• Exercise requirements
Transcribe each entry exactly as it appears, leaving out any picture it holds.

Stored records
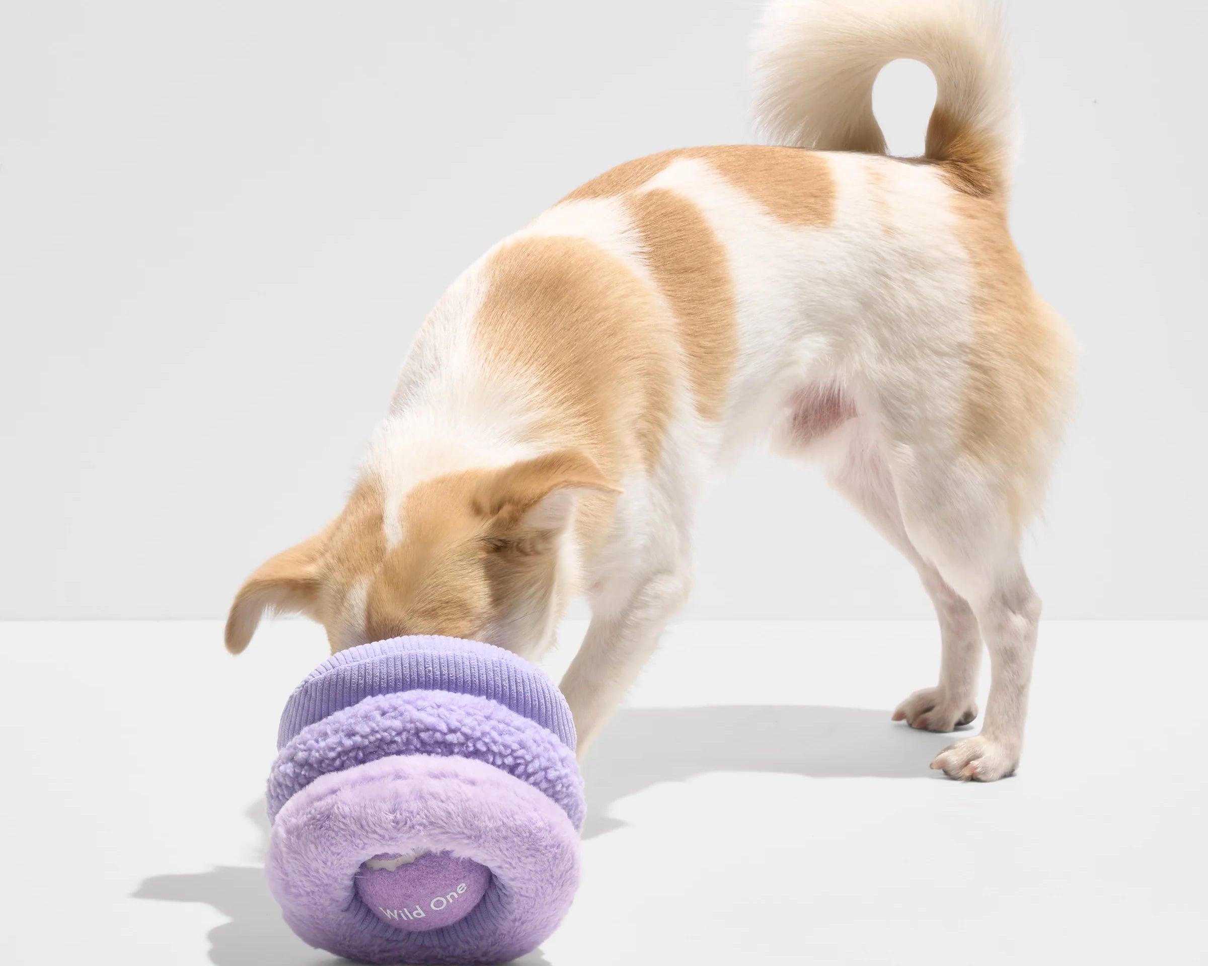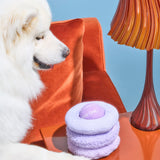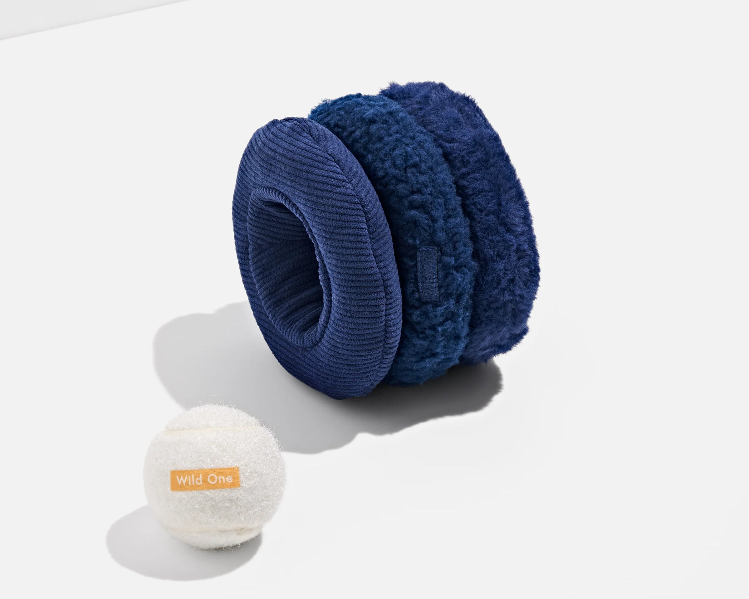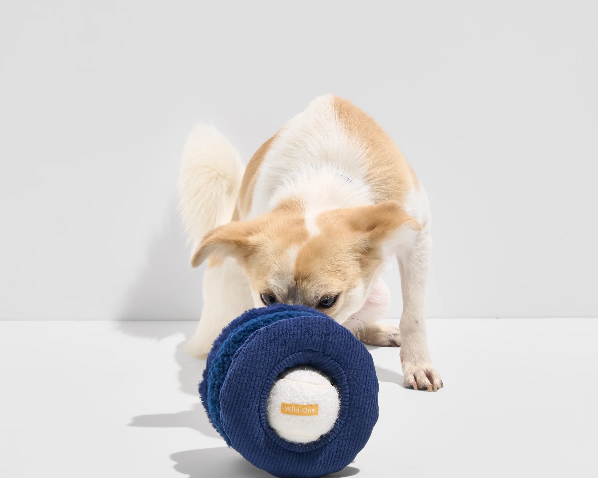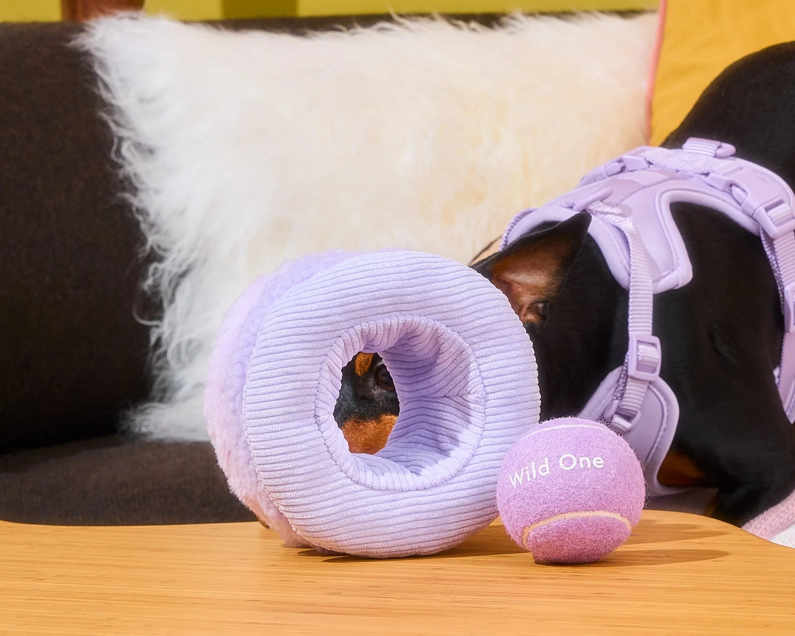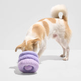 A puzzle toy packed with sounds, textures, and reward keep your pup busy and captivated. Features a hidden tennis ball inside a tri-stack of sherpa, corduroy, and fluff textures, with crinkle, high and low squeak sounds.
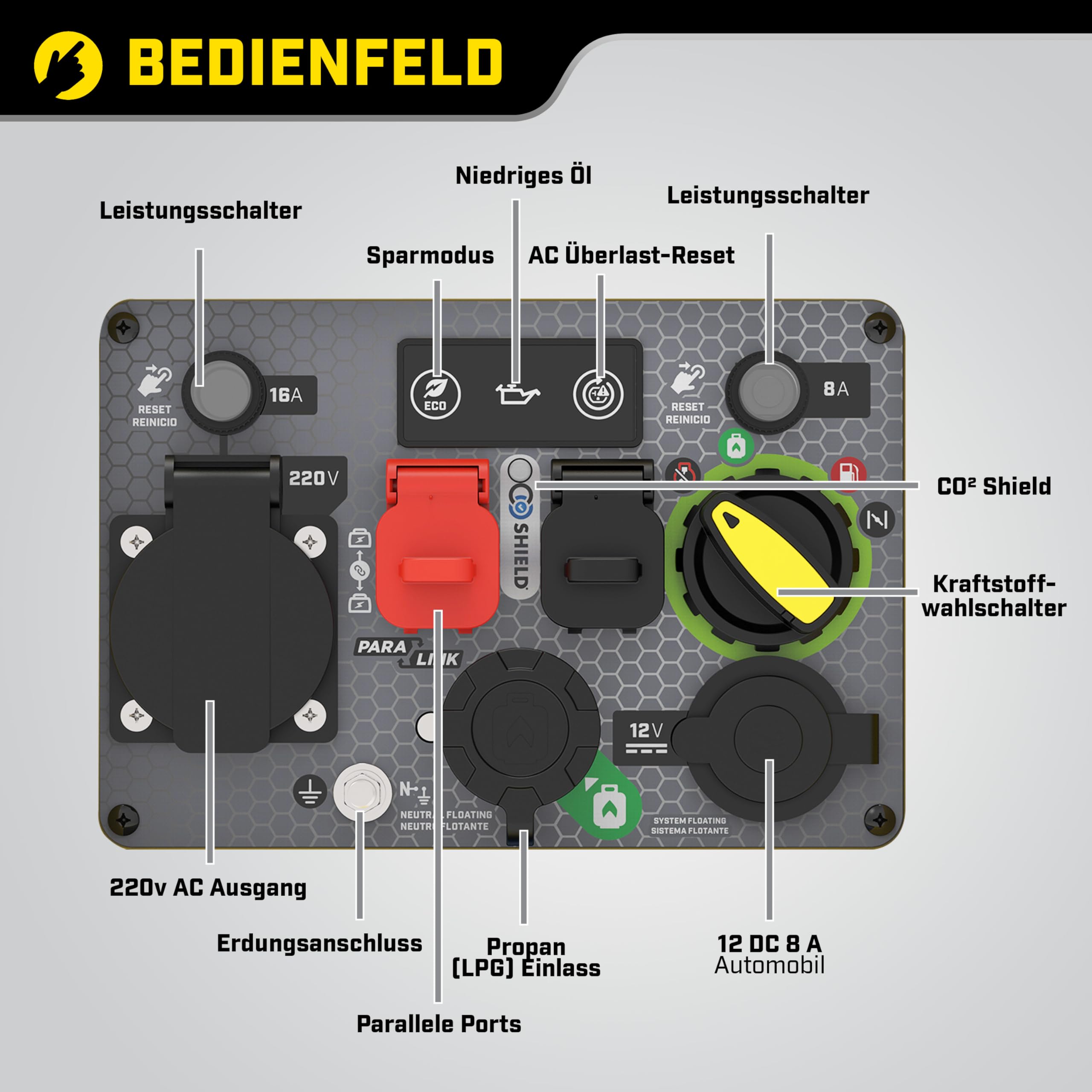 CO Shield technology monitors the accumulation of carbon monoxide (CO), a toxic gas produced by the engine when the generator is in operation. When CO Shield detects a high CO content, it automatically switches off the engine.
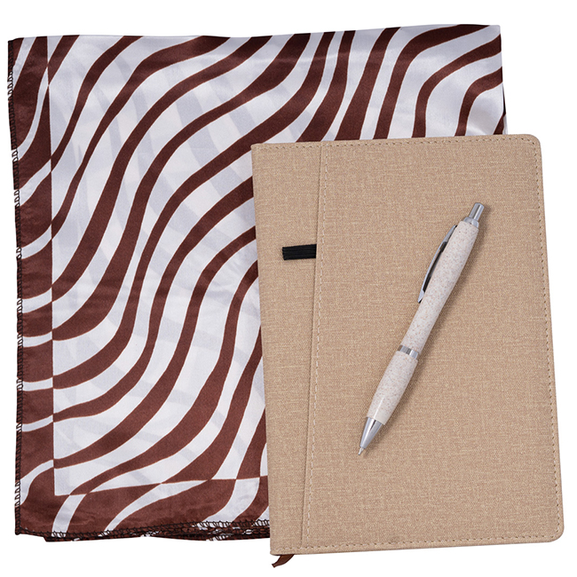 Дамски комплект, съставен от елегантен шал, бележник с твърди корици и рекламна еко химикалка от биоразградим материал с фибри от пшеница и метален клипс. Подаръчната визия се допълва от красивата черна кутия F.Bartholdi.
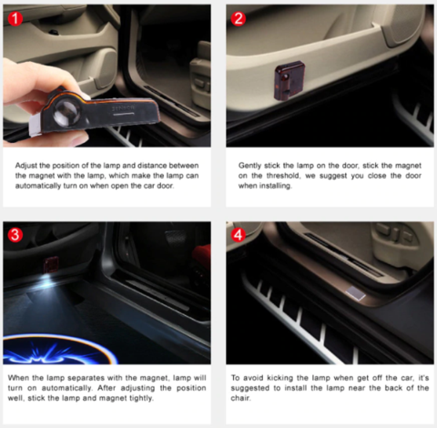 • When you open the door, the logo will be shown on the ground, and it will turn off automatically after 2 minutes. If you want the light on/off, just need to press the button on the head of the light.
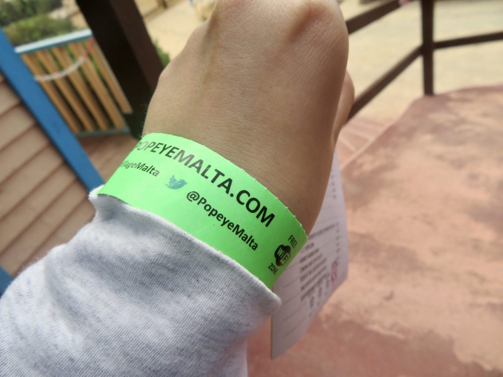 腕に入園チケット代わりの紙のリストバンドをつけます。
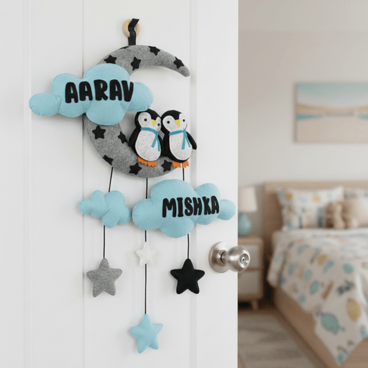Penguin with Moon and Cloud | Personalised Felt Kids Hanging | Siblings
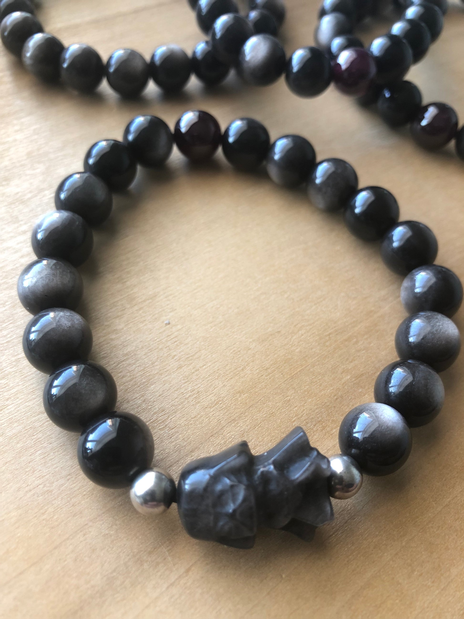 10mm Silver Sheen Obsidian and Red Garnet
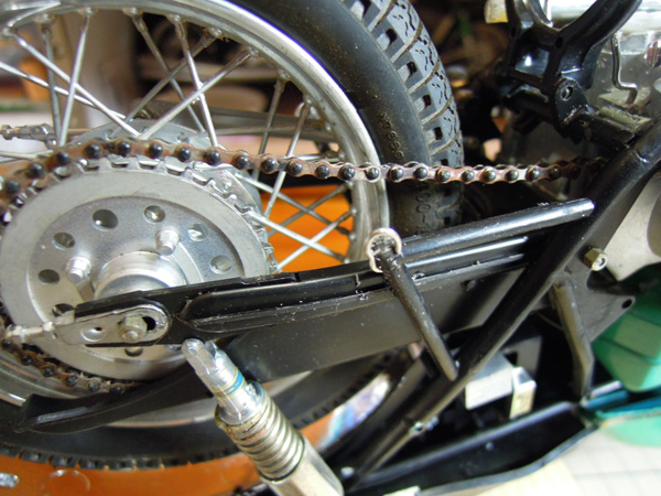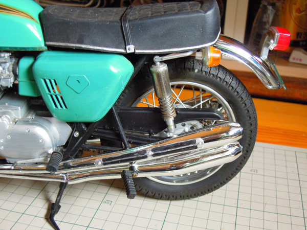 メッキ部分の劣化が特に目立っています。この製品は、先述しましたように、金属パーツが使われています。下の写真のリアショックアブソーバーの上のカバー部分もそうで、このパイプは真鍮メッキでマフラーのようにツヤがありませんでしたが、金属磨きのピカールを綿棒につけて磨いてあります。樹脂パーツの方はメッキ層がかなり薄いために、磨くと地がカンタンに出てしまいますので、修復は難しいと思います。
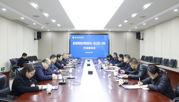 3月15日,嘉兴南洋职业技术学院党委书记、校长王雪亘,党委副书记、副校长钱长根,党委委员、副校长许松明一行来校走访调研。我校党委书记徐须实,党委副书记何百通,党委委员、副校长姚水洪陪同。
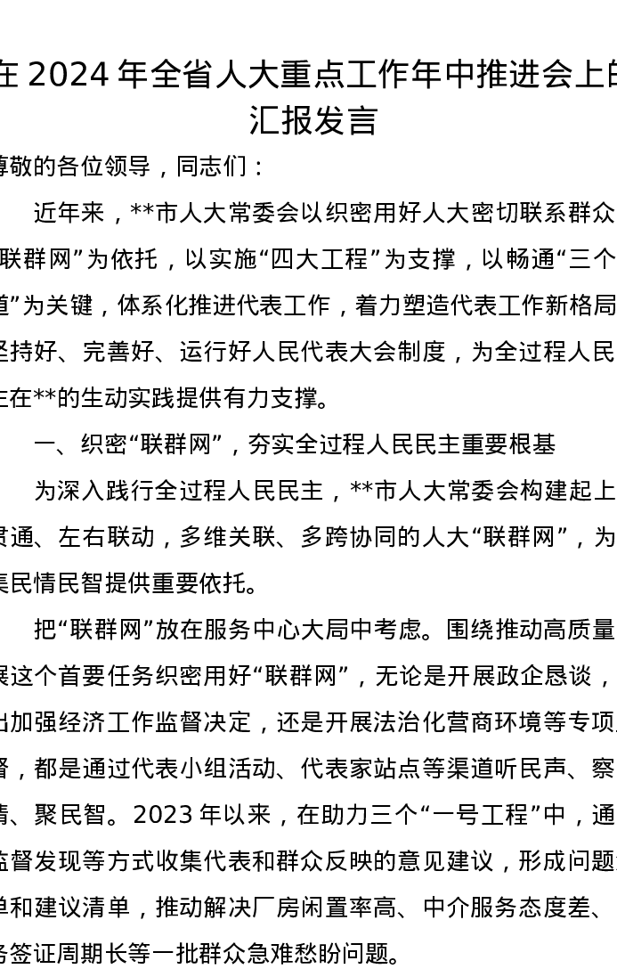 在2024年全省人大重点工作年中推进会上的汇报发言
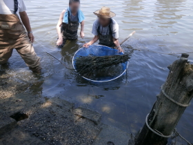 | アジの一本釣り漁の様子 | ホンビノス漁の様子 |
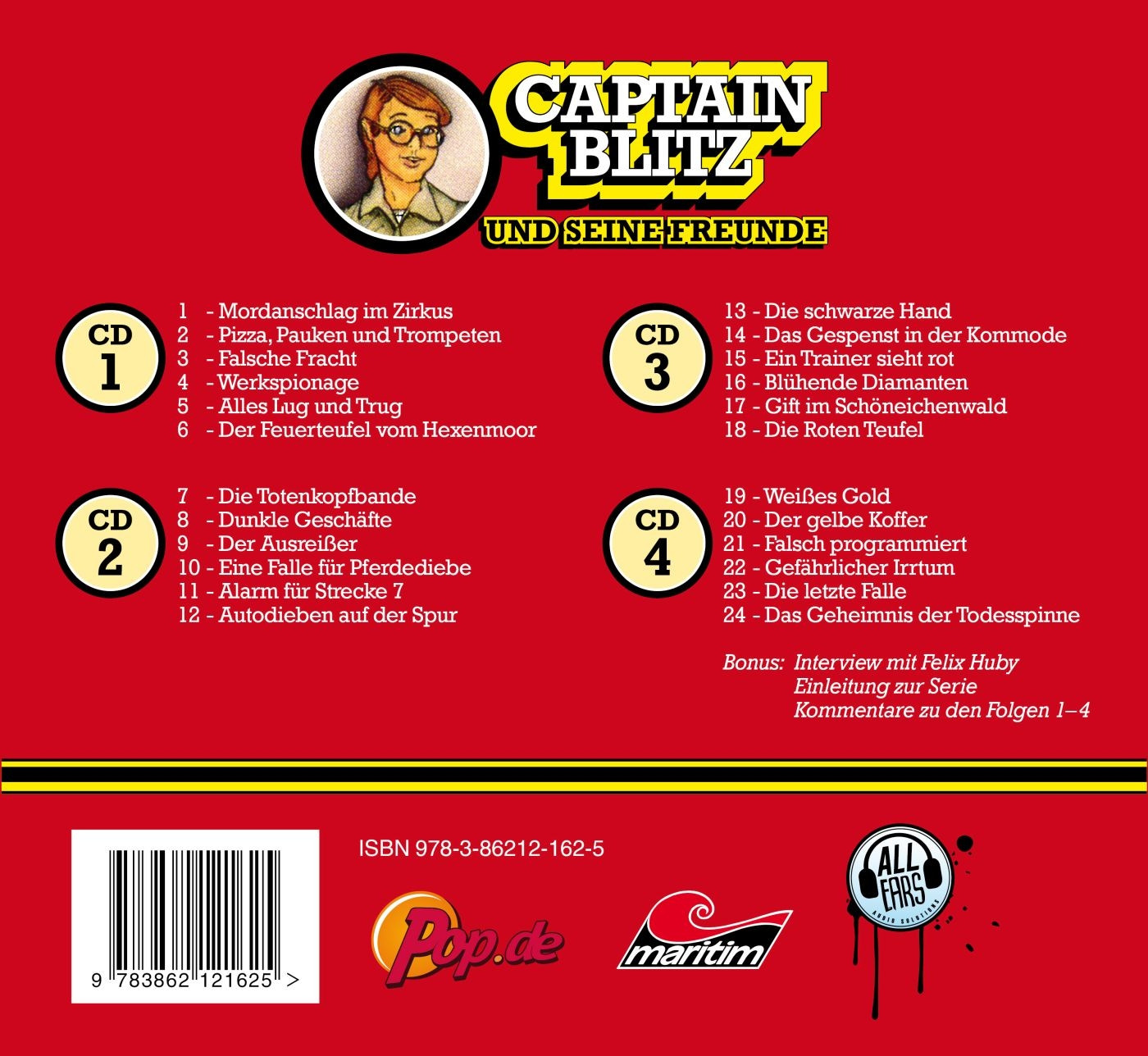 Alle 24 Folgen der Serie "Captain Blitz und seine Freunde" in einer Box. Zusätzlich exklusive Bonusmaterial mit Felix Huby. Hallo, Leute! Ich bin Hans-Peter Bergmann, aber meine Freunde nennen mich Captain Blitz. Und meine Freunde, das sind Anke, Pacco und mein kleiner Bruder Matti. Zusammen sind wir eine unschlagbare Detektiv-Truppe. Was wir schon für "Fälle" gelöst haben, ich kann euch sagen! Einer spannender als der andere. Da müßt ihr einfach reinhören!
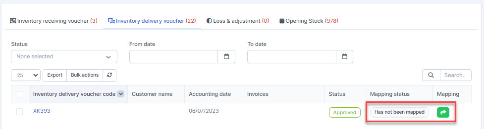 NOTE: If the Inventory delivery voucher mapping is disabled, the inventory delivery voucher is not automatically mapped. Manual mapping is required.
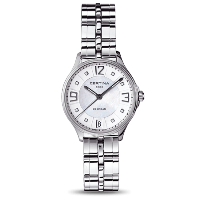Дтиаметр корпуса: 30,5 мм. Кварцевые часы с функцией индикации заряда (EOL). Индикация числа. Циферблат украшен 8 бриллиантами. Стрелки с люминесцентным покрытием.

• Task response
 A puzzle toy packed with sounds, textures, and reward keep your pup busy and captivated. Features a hidden tennis ball inside a tri-stack of sherpa, corduroy, and fluff textures, with crinkle, high and low squeak sounds.
 CO Shield technology monitors the accumulation of carbon monoxide (CO), a toxic gas produced by the engine when the generator is in operation. When CO Shield detects a high CO content, it automatically switches off the engine.
 Дамски комплект, съставен от елегантен шал, бележник с твърди корици и рекламна еко химикалка от биоразградим материал с фибри от пшеница и метален клипс. Подаръчната визия се допълва от красивата черна кутия F.Bartholdi.
 • When you open the door, the logo will be shown on the ground, and it will turn off automatically after 2 minutes. If you want the light on/off, just need to press the button on the head of the light.
 腕に入園チケット代わりの紙のリストバンドをつけます。
Penguin with Moon and Cloud | Personalised Felt Kids Hanging | Siblings
 10mm Silver Sheen Obsidian and Red Garnet
 メッキ部分の劣化が特に目立っています。この製品は、先述しましたように、金属パーツが使われています。下の写真のリアショックアブソーバーの上のカバー部分もそうで、このパイプは真鍮メッキでマフラーのようにツヤがありませんでしたが、金属磨きのピカールを綿棒につけて磨いてあります。樹脂パーツの方はメッキ層がかなり薄いために、磨くと地がカンタンに出てしまいますので、修復は難しいと思います。
 3月15日,嘉兴南洋职业技术学院党委书记、校长王雪亘,党委副书记、副校长钱长根,党委委员、副校长许松明一行来校走访调研。我校党委书记徐须实,党委副书记何百通,党委委员、副校长姚水洪陪同。
 在2024年全省人大重点工作年中推进会上的汇报发言
 | アジの一本釣り漁の様子 | ホンビノス漁の様子 |
 Alle 24 Folgen der Serie "Captain Blitz und seine Freunde" in einer Box. Zusätzlich exklusive Bonusmaterial mit Felix Huby. Hallo, Leute! Ich bin Hans-Peter Bergmann, aber meine Freunde nennen mich Captain Blitz. Und meine Freunde, das sind Anke, Pacco und mein kleiner Bruder Matti. Zusammen sind wir eine unschlagbare Detektiv-Truppe. Was wir schon für "Fälle" gelöst haben, ich kann euch sagen! Einer spannender als der andere. Da müßt ihr einfach reinhören!
 NOTE: If the Inventory delivery voucher mapping is disabled, the inventory delivery voucher is not automatically mapped. Manual mapping is required.
Дтиаметр корпуса: 30,5 мм. Кварцевые часы с функцией индикации заряда (EOL). Индикация числа. Циферблат украшен 8 бриллиантами. Стрелки с люминесцентным покрытием.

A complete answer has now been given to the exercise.